Like consciousness, gimmel cannot be defined in terms of anything else, because, just like Max Planck said, We cannot get behind consciousness”, we also cannot get behind gimmel when describing stable physical reality! So, gimmel is the measure of consciousness that exists in every proton and every electron shell, organizing every atom of every element of the periodic table! But now, a still deeper question arises: How does gimmel, the measurable aspect of consciousness, relate to the three dimensions of time? The answer to this question lies in the logic of the geometric symmetry organized by gimmel in atomic structure, individual consciousness, and the cosmos.

Returning to the statement above, declaring that the three dimensions of time are local time, planetary time, and cosmic time, let’s focus on them one at a time: Local time is what an individual soul experiences when identified with a physical body. It is based on the motions of localized biological processes. Planetary time is periodic and symmetric, based on the motion of the planet in the solar system, and cosmic time is based on the measurement of the speed of light. All of these measurements of time can be made commensurable in TRUE units by setting the speed of light equal to one.

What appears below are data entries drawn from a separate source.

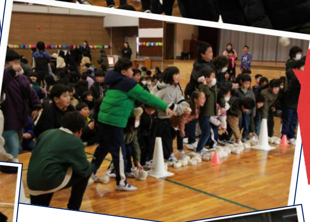
チェッコリ玉入れ
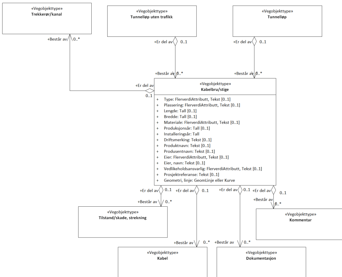
Figur 3: UML-modell med assosiasjoner
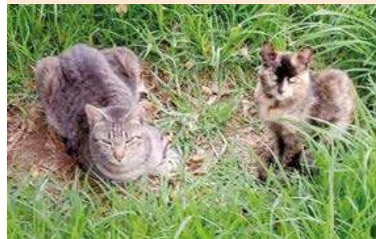
Figura 3. Felinos en receso en el bosque del INER.

Algo que inicialmente sorprende en ese bosque es encontrar a unos seres que lo disfrutaran enormemente, los cuales los vemos en camadas y en un número considerable de decenas, son los denominados gatos del INER . Figura 3
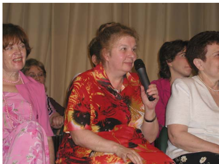
Не стареют душой ветераны!
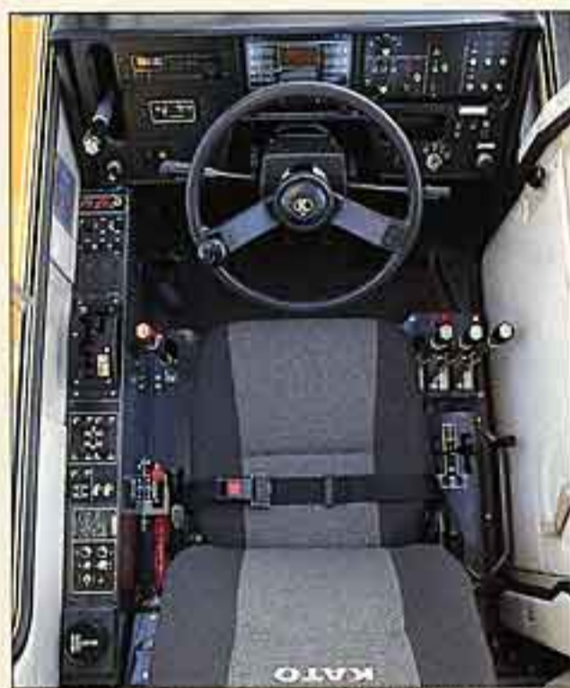
●スペシャルカラーでコーディネートされたキャビン
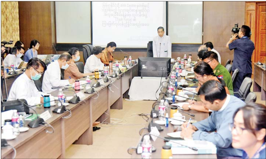
ထို့နောက် အစည်းအဝေး၌ အာဆီယံတူညီဆန္ဒအကူအညီလိုအပ်သူများ၏ လိုအပ်ချက်များကို စတုတ္ထအချက်ဖြစ်သည့် လူသားချင်းစာနာမှုအကူအညီပေးအပ်ရေးနှင့် စပ်လျဉ်း၍ မြန်မာနိုင်ငံ၏ ကတိကဝတ်အပေါ် ထပ်လောင်းအတည်ပြုခဲ့ကြပြီး အကူအညီပေးနိုင်ရေး ရှိရင်းစွဲ ယန္တရားများအကြား ပေါင်းစပ်ညှိနှိုင်းအားကိုးလည်း တိုးမြှင့်သွားရန် ဆွေးနွေးခဲ့ကြကြောင်း သိရသည်။ သတင်းစဉ်

ဝန်ကြီးဌာနများမှ လုပ်ငန်းအဖွဲ့ အဖွဲ့ဝင်များ တက်ရောက်ကြသည်။ အစည်းအဝေး၌ မြန်မာနိုင်ငံတွင် အမှန်တကယ် အကူအညီလိုအပ်နေသည့် ပြည်သူများအတွက် ပိုမိုကျယ်ပြန့်သော လူသားချင်းစာနာမှုအကူအညီများ ပေးအပ်နိုင်ရန် လိုအပ်ချက်ဆန်းစစ်မှုလုပ်ငန်းများ အပြီးသတ်ဆောင်ရွက်နိုင်ရေး ကူညီဆောင်ရွက်ပေးနိုင်မည့် နည်းလမ်းများနှင့်ပတ်သက်၍ ဆွေးနွေးခဲ့ကြပြီး ကြားကာလအကူအညီပေးအပ်ရေးလုပ်ငန်းများ အကောင်အထည်ဖော်နိုင်ရေး ထိရောက်၍ လုံခြုံမှုရှိသော မြေပြင်လုပ်ငန်းများအတွက် ညှိနှိုင်းဆောင်ရွက်ပေးရန် ပေါင်းစပ်ညှိနှိုင်းဆွေးနွေးကြသည်။
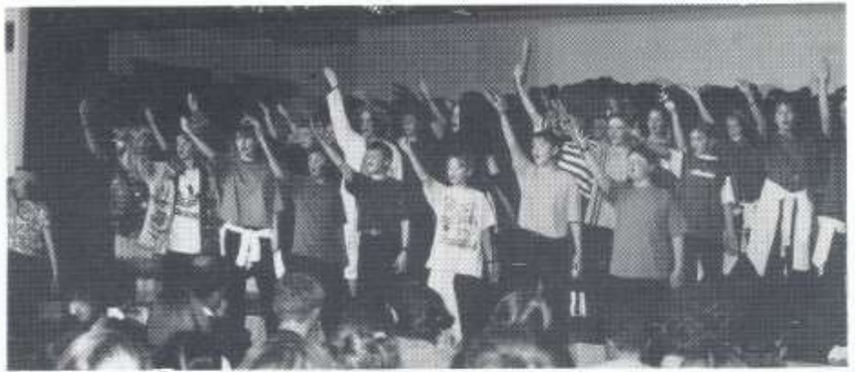
Ysgol Gyfun Rhydfelen
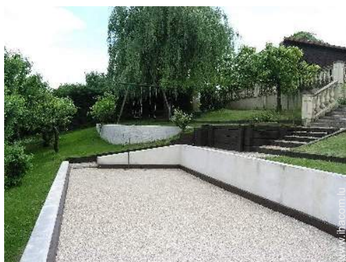
jeux de boules de pétanques
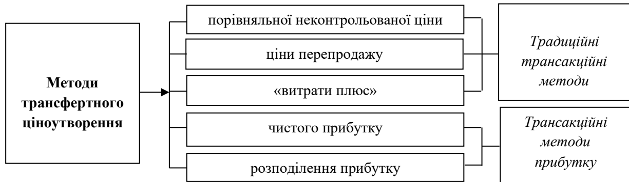
Рис. 2. Методи трансфертного ціноутворення

неконтрольованої ціни, метод ціни перепродажу, метод «витрати плюс», метод чистого прибутку, метод розподіленого прибутку. Зазначені методи відображені на рис. 2 є загально визнаними на міжнародному рівні та рекомендовані Настановами ОЕСР для здійснення оцінки трансфертного ціноутворення.
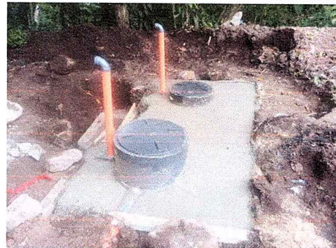
Foto 10: Se observa biodigestores y pozo de absorción instalados.
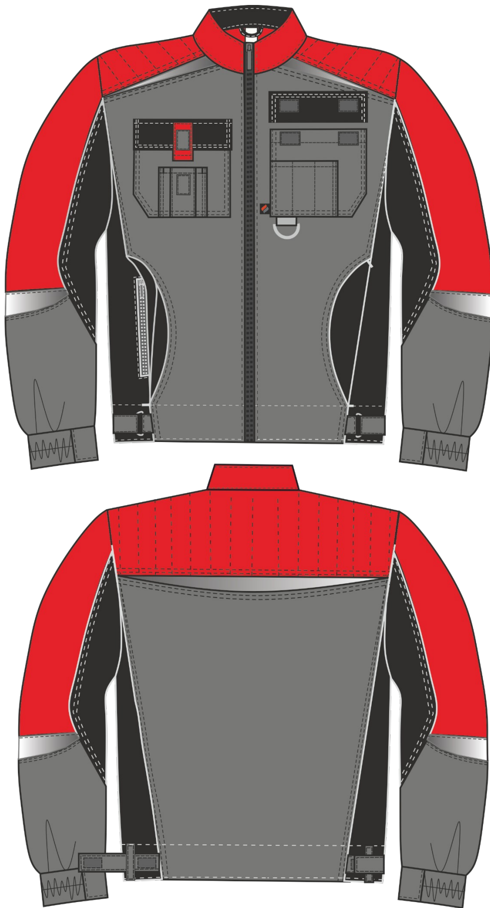
Рис.1. Эскиз Костюм Формула (тк.Смесовая,240) брюки, серый/красный/черный. Куртка, вид спереди и сзади.
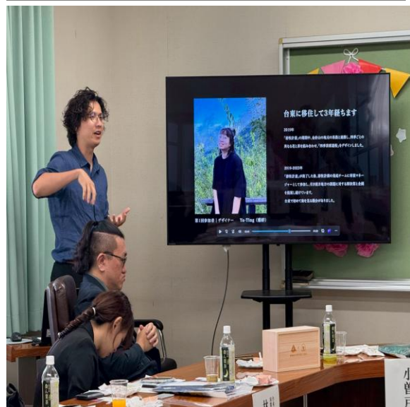
參訪團與太良町公所進行意見交流。
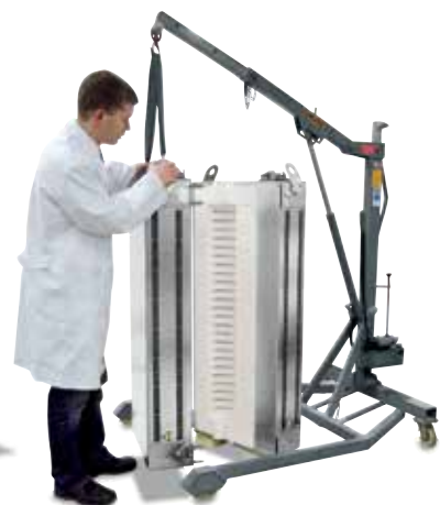
RS120/1000/11S en version séparée. Les deux demi fours sont fabriqués à l'identique et seront intégrés à un système de chauffage au gaz existant, dans un concept de gain de place
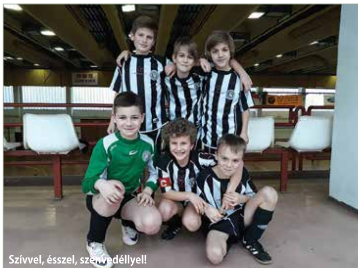
Szívvél, ésszel, szenvedéllyel!
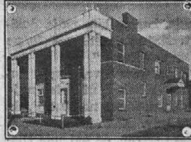
ZAKRAJSEK FUNERAL HOME, Inc.

Frank Novak naš fotograf, je svoje prostore predelal in si napravil lep in pripraven "basement." Tam bi se ga dalo spraviti precej sodov, pa kakor se vi-
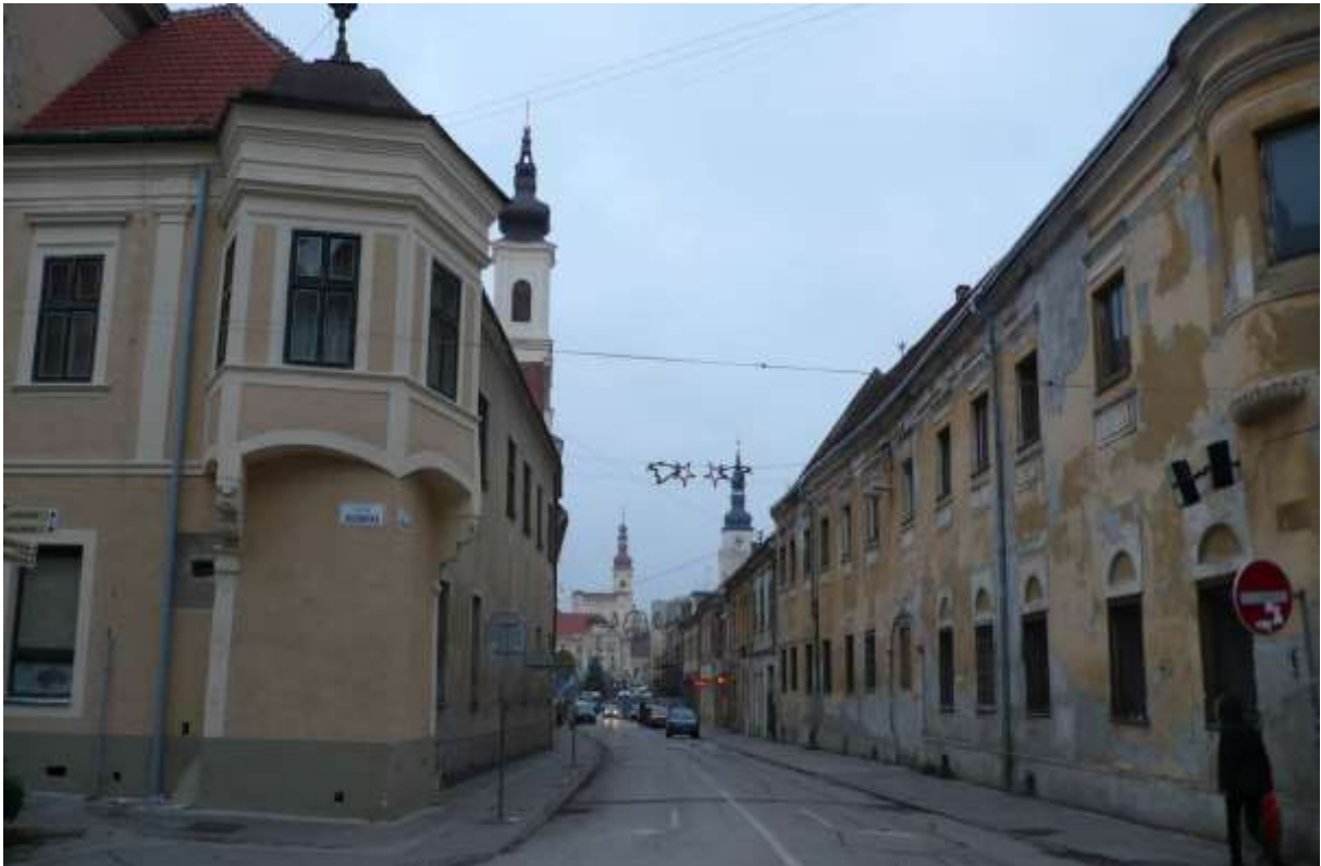
1 - HV - pohľad od Hollého ulice západným smerom na historické dominanty Mestskú vežu a na vežu Kostola sv. Anny a vežu Františkánskeho kostola a divadlo
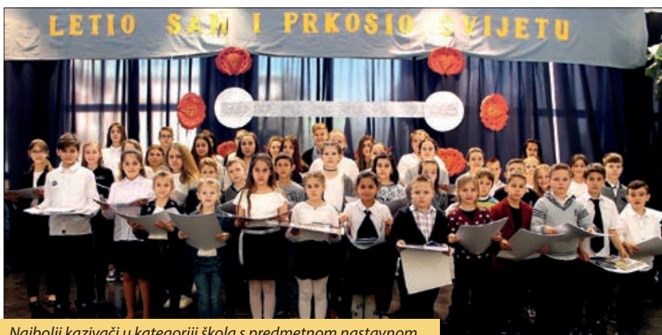
Najbolji kazivači u kategoriji škola s predmetnom nastavom
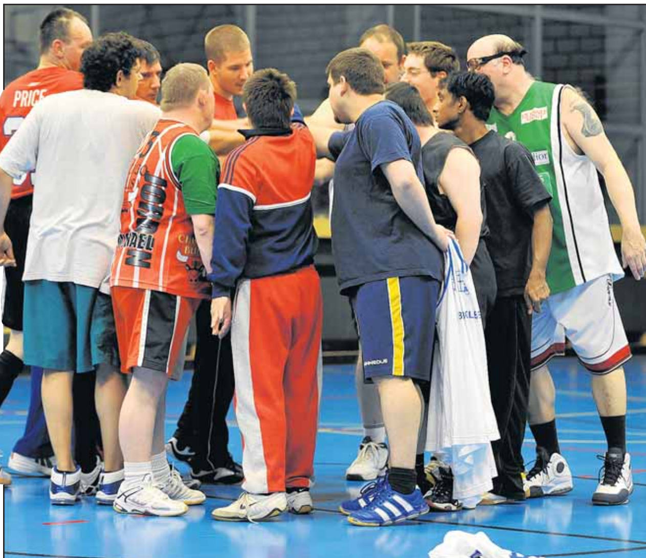
L'équipe des Bolze Stars 2 au complet un soir d'entraînement.

Dimanche dernier a notamment eu lieu une manche du championnat de Suisse de basket à la salle du Platy à Villars-sur-Glâne. Environ 130 personnes ont participé aux deux tournois de ligue C et D. «Les athlètes viennent de toute la Suisse. A la différence du championnat des personnes valides, les équipes, qui peuvent être mixtes, ne se rencontrent pas chaque week-end, mais lors de deux à trois tour-

This naturalization of the speed of light links all objective measurements of existential phenomena to TRUE, allowing us to convert all unitary systems of measurement, including Planck units and SI units, to TRUE and express the laws governing the form and substance of reality in Diophantine equations reflecting the underlying logic of Primary Consciousness. That’s why the CoDD produces so many explanations and resolutions of contradictions and paradoxes in mainstream science.

Now, we are finally ready to produce a definitive answer to the question asked in the title of this blog post: “Can we re-imagine reality?” The answer is really very simple: We can re-imagine our own subjective conceptual models of reality by changing our own a priori assumptions to be more nearly aligned with the logic of Primary Consciousness; but we cannot re-imagine existential reality. It is what it is. At the present time in planetary chronology, we have about 25% free will. The other 75% of experience is predetermined by the logic of Primary Consciousness, traditionally known as “the will of God”.

We are now 424 Earth years into the 2400-year ascending Dwapara Yuga. As we traverse the remaining 10,376 years to the next Satya Yuga, the high point of physical, mental, and spiritual virtue, when the average conscious being will be one with Primary Consciousness,  with 100% free will. See Shri Yukteswar’s book The Holy Science for the best available explanation of planetary time.